Lets hope a bad electrical connection is the problem. If anyone thinks there may be another problem I'll appreciate the advise. It has run fine so far (until this weekend).
'93 GTS 5spd
The connections, working back from the compressor to the controller:
There's a plug connector in a single wire where the compressor clutch coil attaches to the wiring harness. The wire routes from the top of the compressor unit, forward in the car to come out next to the air pump (on US cars). The connector on mine is tie-wrapped to the main wire harness bundle that runs across the front of the engine, above the crank pulley near the spark plug wire bracket.
The wire runs through that main harness, and connects to the pressure switch on the AC receiver/drier unit. The drier is the canister that sits at the right (passenger side on LHD cars) side of the car, in front of the radiator and air conditioner. S4/GT/GTS cars have a separate pressure transducer for fan and flap controls, with screw connections. The pressure switch on mine has flat spade terminals in a two-wire molded connector.
The pressure switch is the lower of the two devices on mine.
The wiring from the switch continues back through that same harness, and is included in connections in a multi-pin connector that is mounted on the right (passenger side on LHD cars) side of the top of the radiator sheet. It's a flat plastic shell that splits horizontally.
From that connector, the wiring continues back to the freeze switch that's mounted at the base of the windscreen. With the hood open, carefully remove the plastic rain shield tray behind the air filter box. The freeze switch is a metal box about 1.5" cube, with two electrical connections and a capillary tube about 3/16" diameter running toward the left (driver's side on LHD cars) side of the cowl, then into the evaporator box.
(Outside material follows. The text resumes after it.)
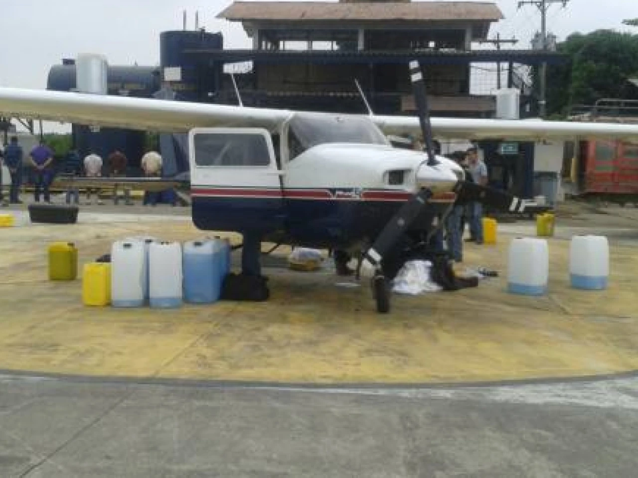 Cuando la Policía apareció sorpresivamente en la hacienda los ahora aprehendidos estaban embarcando la droga en la nave, que a su vez estaba siendo abastecida de combustible.

The switch itself is mounted almost centered under the front of the windscreen on a metal angle bracket.
Current for the circuit is supplied through a relay in the dash controller.
Check your fuses also.
Common causes of your problem include low freon pressure in the system.
The pressure switch detects the low pressure, and opens to protect the compressor from running without gas and oil circulating in the system. A set of refrigeration gauges and hoses will confirm the situation.
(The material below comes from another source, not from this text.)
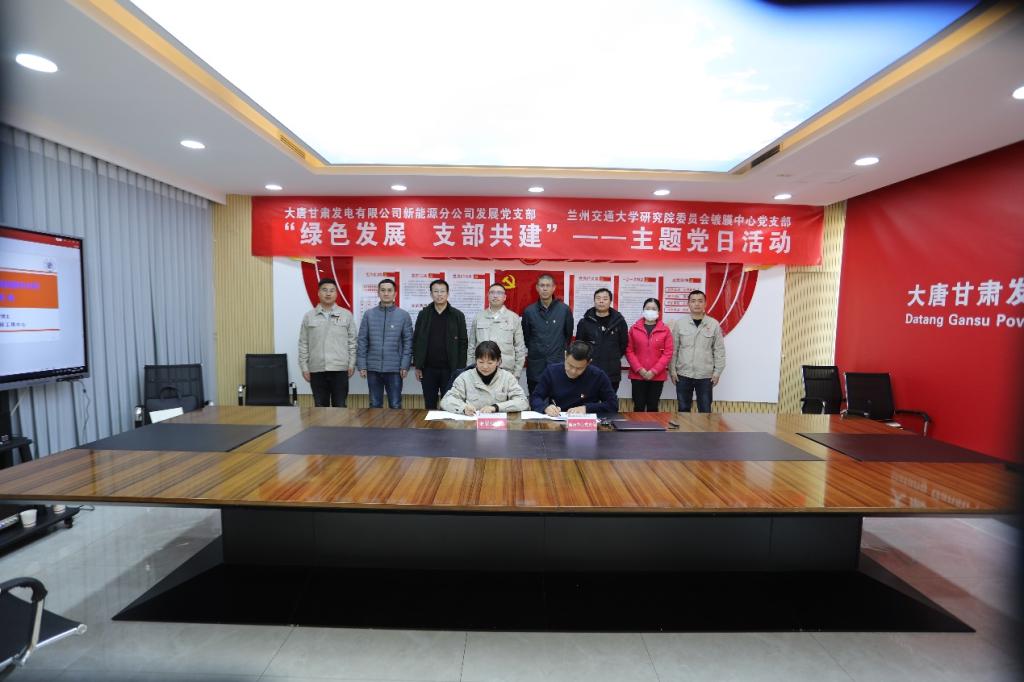 研究院镀膜中心党支部与大唐甘肃发电有限公司新能源分公司发展党支部签署了支部共建协议,建立长期产学研合作关系。大唐甘肃发电有限公司新能源分公司党委副书记做了总结发言。

Owners have reported problems following timing belt service, when the connection at the compressor is left loose or not connected at all.
The relay in the dash controller failed on my car, and similar failures have been reported by others. I have documented the repair procedure, and a copy is available on request.
Hope this helps!
Hi All, I just wanted to remind folks that may be experiencing air conditioner failures, that the relay on the controller board has a history of failing. Mine went out last fall and I assumed loss of refrigerant was to blame so I put off fixing it until the weather started warming up. Following tips from Dr. Bob, Wally Plumley, Steve L. and others on the list, I decided to check voltages back to the controller board. Sure enough, I found my relay had failed and wired in an $11 replacement. My air conditioner has now been restored to its previous performance with much less effort than anticipated. This is a good first check.